**What you will do:**
Write out exactly, excluding pictures, the lines from the one containing "該機常見故障有:工作臺不能升" through the end of the data, both included.

**Data shown:**

********************

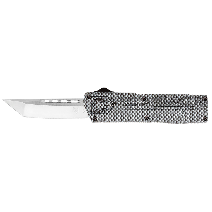 The Cobratec Lightweight OTF Knife combines premium features in a compact design. It has a 3.25" D2 steel tanto blade with smooth action and a durable 4.5" high-grade aluminum handle with a carbon fiber finish. Weighing just 4.2 oz, it offers portability with a pocket clip and nylon sheath. With an overall length of 7.75" when open, this sleek and reliable knife ensures precision and durability for everyday carry.
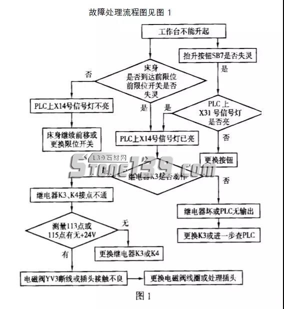 該機常見故障有:工作臺不能升起、不能左右旋轉,切割過程中床身跑偏、鋸片進給失控、床身移動有異響或卡住等??捎昧鞒虉D分析及排除故障。
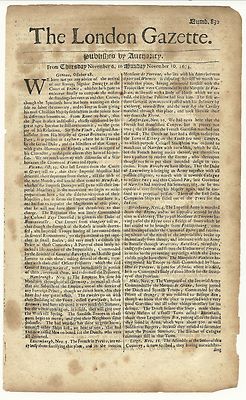 Title (ebay affiliate link): Orig. 1673 English newspaper THE LONDON GAZETTE Nov. 6-10, 1673

********************

**Output for this task:**
 該機常見故障有:工作臺不能升起、不能左右旋轉,切割過程中床身跑偏、鋸片進給失控、床身移動有異響或卡住等??捎昧鞒虉D分析及排除故障。
 Title (ebay affiliate link): Orig. 1673 English newspaper THE LONDON GAZETTE Nov. 6-10, 1673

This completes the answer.